The core plasma in tokamak is connected to power facilities via a breeding blanket system, which converts fusion energy into electricity. Simulating fusion electricity generation involves both fusion and nuclear power studies. The former can take advantage of the latter. As a matter of fact, the TBM (Test Blanket Module) currently being tested in ITER uses nuclear analysis tools and safety analysis codes from the nuclear power community, demonstrating that nuclear simulation technologies can be expanded to enable V-DEMO’s targeted functions.
AI (Artificial Intelligence) is also promising for fusion research innovation. AI can utilize machine learning based on numerous fusion experiments and simulation data to derive a data-driven fusion model. The big advantage of the data-driven fusion model is its combination of fast calculation and good precision. For example, according to research already published, a heating simulation can be generated in a much shorter time with machine learning, allowing real-time controls. Without it, the calculations would require thousands of CPU cores and considerable time. Various studies to accelerate simulations are ongoing, with the ultimate goal of developing a fusion simulator capable of the tremendous volume of repetitive calculations necessary for engineering design.
V-DEMO will need to integrate simulations from various fusion areas and therefore will need to develop an integrated platform. Fusion societies worldwide are working on simulation software integration frameworks. One of the most promising projects is the ITER-IMAS framework, which is currently under development for ITER. V-DEMO should expand its technological base to include plant features based on ITER-IMAS.

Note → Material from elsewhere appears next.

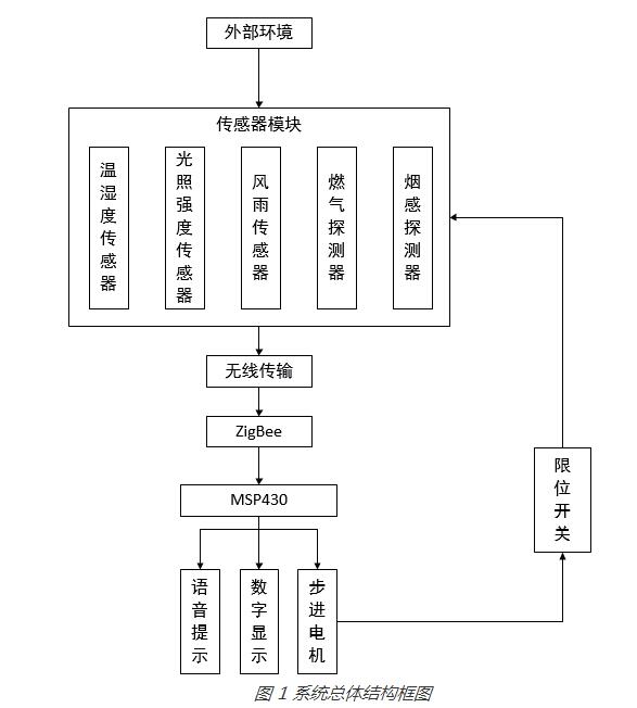 本设计的思路是通过各个传感器检测周围环境的变化, 将检测到的数据输入 MSP430 单片机内,由该单片机判断并执行相应操作以控制外部设备。整个程序的过程分模块进行, 让程序的可读性得到增加,能够实现分块调试。

Digital twin is a technology that can be used to virtualize machines and facilities, using machine design data, and is considered the basis upon which simulation software and integrated framework can be deployed. For fusion, “Virtual KSTAR” is being developed to perform virtual experiments that combine KSTAR design, experimental data, and heating simulations. The technology developed through KSTAR will be applied to ITER in the near future, to pave the way for V-DEMO development.
Roadmap for V-DEMO development
Presently, various technological developments including simulations, virtualization, supercomputers, and machine learning are needed for V-DEMO development. In this planning study, a total of five technology groups were identified as the key technologies for V-DEMO: (i) tokamak simulation group, (ii) blanket-BOP simulation group, (iii) accelerated fusion simulation group, (iv) enabling technology group, and (v) fusion big data group. The development plans and strategies for each group were also established.

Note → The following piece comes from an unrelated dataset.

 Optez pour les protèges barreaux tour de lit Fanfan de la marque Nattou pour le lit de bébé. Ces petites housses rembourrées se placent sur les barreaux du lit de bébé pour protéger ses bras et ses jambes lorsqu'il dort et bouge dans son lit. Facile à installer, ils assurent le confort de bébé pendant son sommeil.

Roadmap for V-DEMO project
V-DEMO development will go through four stages by the year 2040. In the first stage, simulation and virtualization of a middle-sized tokamak such as KSTAR will be carried out. In the beginning, technology verification using KSTAR data will be the key objective. In the second stage, the technologies from the first stage will be further developed for ITER, and simulation acceleration using artificial intelligence will begin. In the third stage, blanket and BOP simulation technology development will be performed in collaboration with the nuclear energy community. In the final stage, V-DEMO will be completed, integrating the K-DEMO design data. Verification and optimization of a demonstration plant will be carried out utilizing V-DEMO.
Plan for experimental validations and key development targets in each phase
Fusion research in Korea has been ongoing for the last two decades, focusing on KSTAR and ITER. Now, another leap is needed to accomplish a demonstration of fusion technology. Alongside hardware technological achievements, another foundation for the fusion demonstration should be established, by proactively developing fusion simulation technologies, including V-DEMO.